I attended an interesting presentation today, where a problem of APQ was presented. As I understood the presentation, it is challenging to effectively implement APQ without over penalizing the more urgent classes. Using a healthcare example, it would mean an emergency department choosing a CTAS 5 patient (lowest acuity/urgency) with too short of an extra wait over a CTAS 4 patient. While I followed the concerns with standard APQ, I saw new challenges created with the proposed solution.
The presentation demonstrates delaying the accumulation for lower priority groups until a determined period has concluded. I see several related challenges:
- If another lower priority patient arrives within the delay window, the priority alone would not be enough to sort/prioritize. We would have to include arrival order to sort, or wait until one began to accumulate.

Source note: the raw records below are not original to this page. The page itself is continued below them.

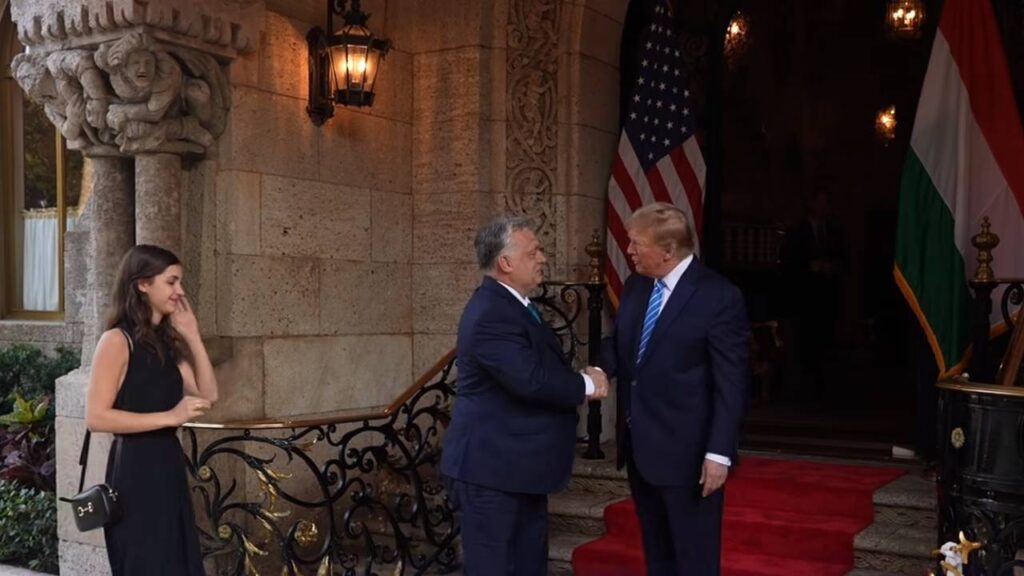 Balra Orbán Flóra (pillanatkép Orbán Viktor FB-videójából)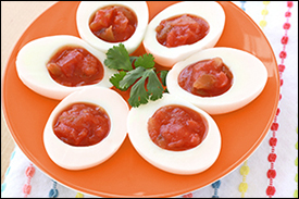 Simply hard boil 3 eggs, slice in half, and remove the yolks. Chill if needed. Place 1 tsp. salsa (see our recipe below or use store bought) in each half and enjoy.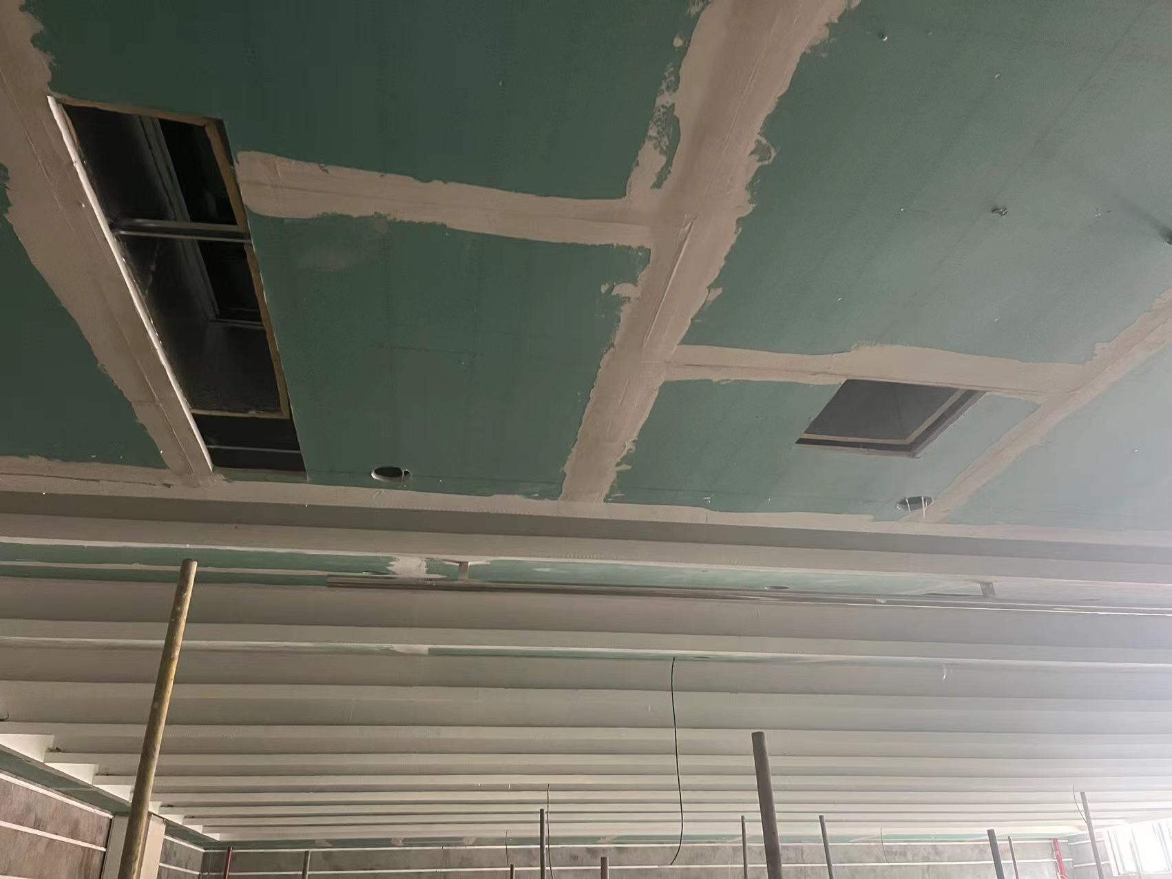 完成地下室画线、铝合金窗安装和室内地面墙面砖铺贴。基本完成2楼和3楼吊顶封板、水电安装、主电缆敷设、电梯安装。

- This is only a problem if they end up at the front of the queue before accumulating.
- This is further exacerbated by increasing numbers of categories. Would each group get a progressively longer delay? Then we could be faced with many, all in the case of no arrivals of top priority, zero priority patients.
- CTAS 1-5
- The solution requires an extra complication of tracking time before accumulation.
- This may seem inconsequential, but I would argue it is more pronounced when comparing to the proposed solution.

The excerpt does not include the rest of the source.